In something that looks like a dream world, an idyllic parody of the American lifestyle, an alien spaceship lands behind a hill and digs itself down into the soil. A boy, David, sees it - but his parents thinks it's a dream. The next morning his father is changed and has a weird scar on his neck. He's taken, controlled by the aliens and soon everyone is controlled by a device deeply injected into their neck. David finds a friend in the school nurse Linda and together they decides to strike back and try to stop the aliens taking over their friends, families and the whole earth...

It's easy to blame Invaders from Mars to be a strictly special effects-driven flick. Maybe it is, in on way, but it's also a full-blown adventure and has some of the most ambitious visuals I've seen in one of these trashier, more exploitative, big budget films from the time. The effects is actually excellent. From the visuals stuff to the AWESOME rubber monsters stumbling around in the underground spaceship. This is very creative puppeteering and it took me a while to figure out how the creatures were constructed. Hooper goes for a big look, with big sets and wide angles - and it fits the style of the film perfectly. Many other directors would have done it more claustrophobic, but here it's just big and wide and lots of colours.

Karen Black is one of my favourite actresses and while I can agree that her look got odder and odder over the years, I must say she looks beautiful and sharp here as the nurse being the sidekick to our boy-hero David (Hunter Carson, which also is her son in real life). Poor Timothy Bottoms, a wonderful actor with extreme bad luck in his career, gets another flat character to play, even if he seems to enjoy himself when he's going bad than when he's playing a normal father. James Karen, a welcome face in eighties horror, has a smaller but cool part as the military leading the operations against the aliens. Gotta love that guy. Oh, lets not forget Louise Fletcher, who plays one of her classic psycho-ladies - and she's great as usual. Very few actresses can give the audience that empty shark-eyed look and it's still damn scary.
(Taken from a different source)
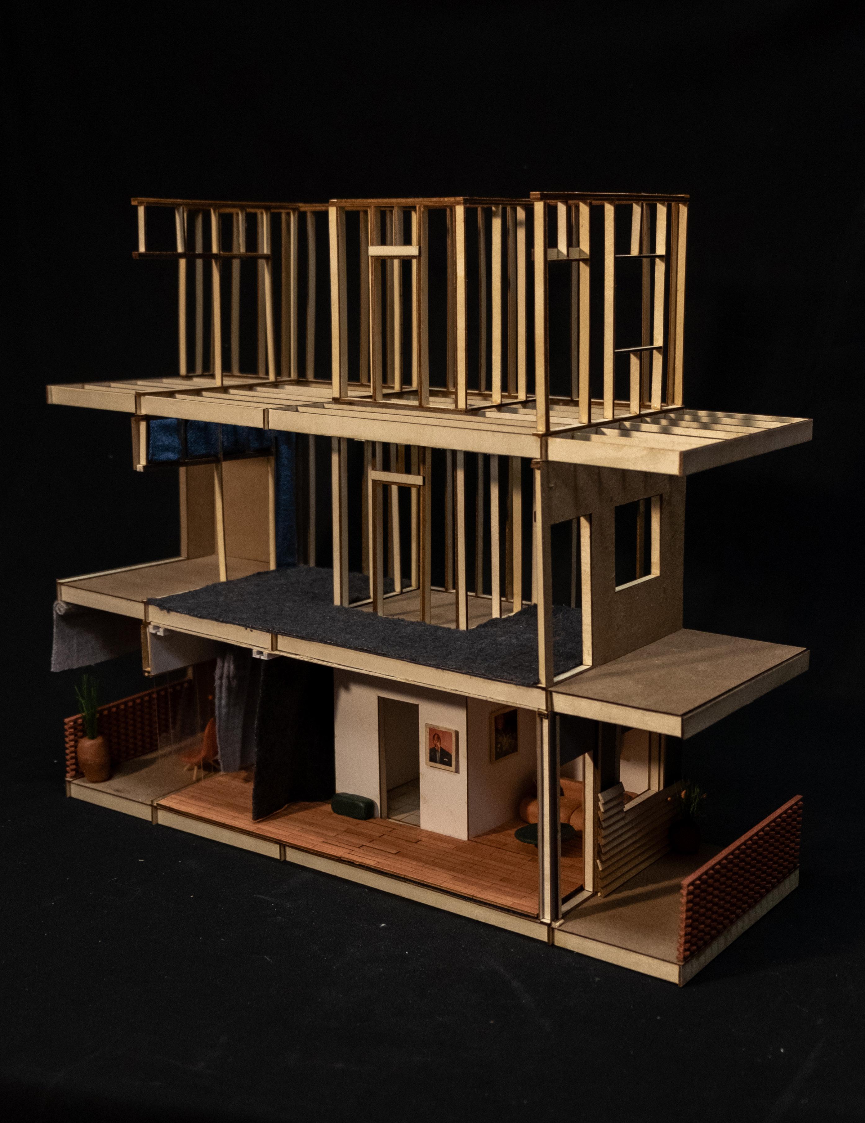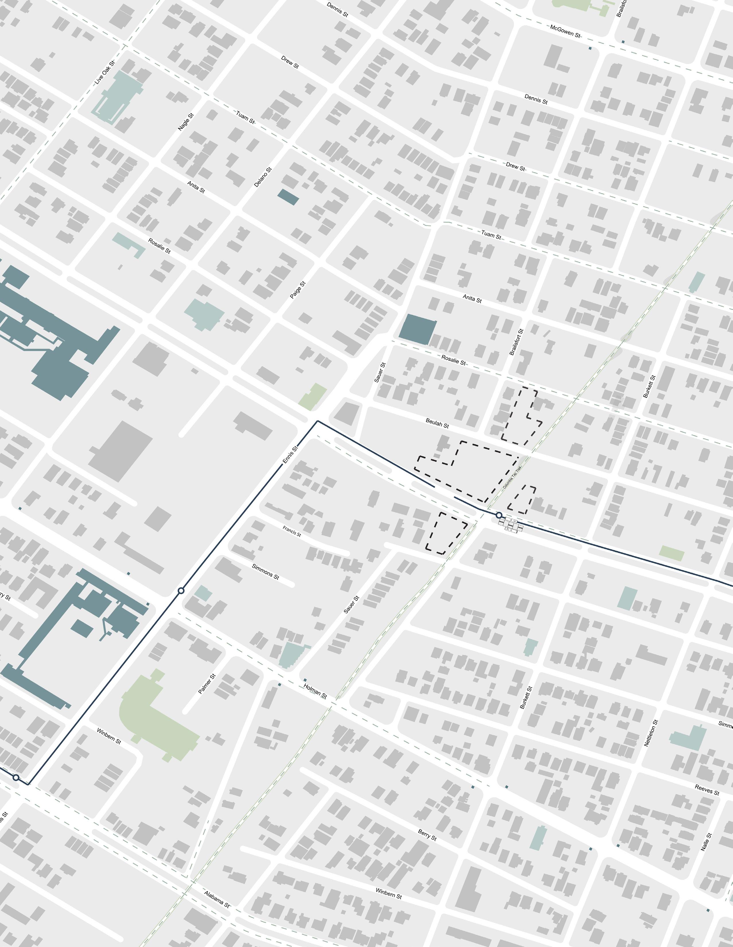This project designed in collaboration with three other students envisions a sustainable housing development in Houston’s Third Ward. Fabric is a central theme inspired by the neighborhood’s history with cotton production and textiles. Along side the site is the Columbia Tap Trail, which was once a railroad that played a keyrole in transporting cotton all while keeping the area connected to a larger market. Just as fabric connects people through clothing, this project connects residents to their neighborhood’s history, community and environment

Where Lifeforce is dark and moody, with a low-key emotional atmosphere, Invaders from Mars is big, bold and colourful with a weird addition of almost sadistic pleasure - but in a toned down way, almost, to make it fit a younger audience. The slightly disappointing final twist that echoes both the sentimental values of Wizard of Oz and the demented charming stupidity of Umberto Lenzi's Nightmare City leaves us on the edge of the seat. What did he just see? What the fuck is going on? But Hooper is cruel, he's not gonna let us know the final-final twist, instead we can imagine all the horrors meeting the young eyes of Karen Black's son when he opens the door to his parents bedroom.

Invaders from Mars is another very fine film from the fucked-up mind of Tobe Hooper and the juicy wallets of Golan and Globus. Without those two many interesting genre flicks couldn't have been made. Bless them - in a non-religious way.